Глава колхоза Курицын, персонаж пьесы Копкова «Слон», услышав рассказ о сне колхозника Мочалкина, возмущен: «Ты своими снами можешь колхоз развалить. Я тебе за такие сны такую статью припаяю, так…»

Что же это за хрупкая реальность, которая может обрушиться из-за такой эфемерной субстанции, как сновидение?

{77} Чем более пугающей становится тема, тем лучезарнее — печатные отзывы о героях-чекистах.

Так, «солнечен» и «подлинно человечен», по мнению рецензентов, чекист Федотов из спектакля Мейерхольда по пьесе Олеши «Список благодеяний»[75].

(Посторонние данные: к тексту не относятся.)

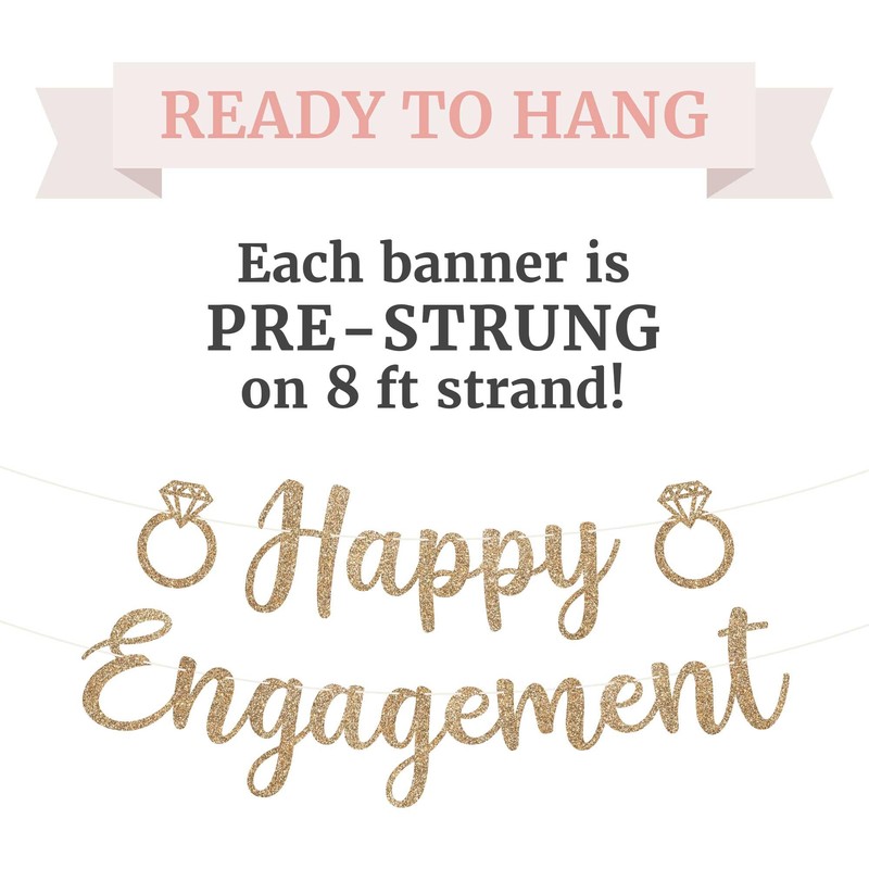 - ☑️ PRE-STRUNG = NO WASTED TIME PUTTING THEM TOGETHER - Unlike others, our gold happy engagement banner will arrive to you with each letter already pre-strung on a 10 ft strand. No DIY required! Perfect for celebrating a she said yes, just engaged moment or honoring the bride-to-be at a bridal shower or wedding engagement party. Just hang it up and let the festivities begin!

Эпитет «солнечный» пришел в литературу 1920-х из утопии Кампанеллы, его мечтаний о «Городе солнца» (ср. горькую фразу, оставленную Булгаковым в предсмертных дневниковых записях: «Как я хотел устроить себе солнечную жизнь») и был призван объяснить привлекательность энергии, динамизма, способности к действию «нового человека». Продуманной мысли, выношенной философии «бывших людей» противопоставлялось ощущение — но ощущение радости, исторического оптимизма, которое будто бы излучали «новые люди». Воплощением этой «солнечности» советского будущего в прозе и драматургии тех лет, с точки зрения многих критиков, были чекисты.

Не сразу замечаешь, что об арестах и ссылках в пьесах начинает говориться мимоходом, между прочим. Часто остается неясным, за что, собственно, был посажен тот или иной герой. Так попадает под арест персонаж пьесы Тренева «Жена» Георгий Богородский, которого вскоре выпускают. Сослан на Соловки отец героини Женни (Афиногенов. «Гляди в оба!»), и тоже неизвестно за что.

В пьесе Ромашова «Бойцы» в Россию из-за границы приезжает военный теоретик, некогда изучавший философию в Гейдельберге, нынешний пацифист Базаев. Встречаясь с другом, военспецом Ленчицким, Базаев передает тому привет от старинного приятеля из-за границы и расспрашивает о его нынешних занятиях. Ленчицкий незамедлительно сообщает куда следует о «ненужном интересе» приехавшего к трудам по военной теории. Базаева арестовывают.

Жена Базаева, Елена Андреевна, приходит за помощью и объяснением причин ареста к командиру корпуса Гулину, своему старинному другу, некогда в нее влюбленному.

{78} Гулин: «Ваш муж, мне передавали, рискованными поручениями занимался или хотел заняться.